Key Information
Cost Tracking
Every inference response from the xAI API includes the exact cost you were charged for that request, returned via a cost_in_usd_ticks field in the usage object of chat completions, Responses API, image generation, and video generation responses.
The cost is per-request: each call returns what that individual request cost, whether it's a simple completion, a streaming response, or an agentic loop with server-side tools. This is the actual amount billed, after all applicable discounts (including prompt caching reductions) have been applied, and inclusive of all token costs and server-side tool invocation costs. No estimation or after-the-fact billing lookup required.
How it works
The cost is expressed in ticks, where 1 USD = 10,000,000,000 ticks (10^10). To convert to dollars:
Text
cost_usd = cost_in_usd_ticks / 10,000,000,000
For example, a response with "cost_in_usd_ticks": 37756000 cost $0.0038. An image generation with "cost_in_usd_ticks": 200000000 cost $0.02.
Ticks exist for precision: they represent costs down to fractions of a cent without floating-point rounding, which matters when you're processing thousands of requests and need the totals to add up.
Reading cost from a response
xAI SDK
The xAI SDK provides a cost_usd convenience property that converts ticks to dollars automatically.

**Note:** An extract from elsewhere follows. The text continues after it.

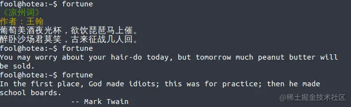 输出一句话,有笑话,名言什么的 (还有唐诗宋词sudo apt-get install fortune-zh)

The raw ticks are also accessible via response.usage.cost_in_usd_ticks if you need integer precision:
Python
import os
from xai_sdk import Client
from xai_sdk.chat import user
client = Client(api_key=os.getenv("XAI_API_KEY"))
chat = client.chat.create(
model="grok-4.3",
messages=[user("Say hello")],
)
response = chat.sample()
# Convenience property — ticks converted to dollars.
print(f"Cost: ${response.cost_usd:.6f}")
# Raw ticks for integer-precision accounting.
print(f"Cost (ticks): {response.usage.cost_in_usd_ticks}")
Chat Completions and Responses API
The usage object in every REST completion and response includes cost_in_usd_ticks:
JSON
"usage": {
"input_tokens": 199,
"output_tokens": 1,
"total_tokens": 200,
"cost_in_usd_ticks": 158500
}
curl https://api.x.ai/v1/responses \
-H "Authorization: Bearer $XAI_API_KEY" \
-H "Content-Type: application/json" \
-d '{
"model": "grok-4.3",
"input": "Say hello"
}' | jq '.usage.cost_in_usd_ticks'
The Vercel AI SDK (@ai-sdk/xai) does not currently surface cost_in_usd_ticks in its response metadata. To access it, use the OpenAI SDK or the raw REST API directly.
Streaming
During streaming, each chunk carries a running cost_in_usd_ticks total; the last chunk reflects the final cost for the request. If you're using the xAI SDK, the assembled Response object carries this automatically:
import os
from xai_sdk import Client
from xai_sdk.chat import user
client = Client(api_key=os.getenv("XAI_API_KEY"))
chat = client.chat.create(
model="grok-4.3",
messages=[user("Tell me a joke")],
)
for response, chunk in chat.stream():
print(chunk.content, end="", flush=True)
print()
# After the stream completes, cost is on the final response.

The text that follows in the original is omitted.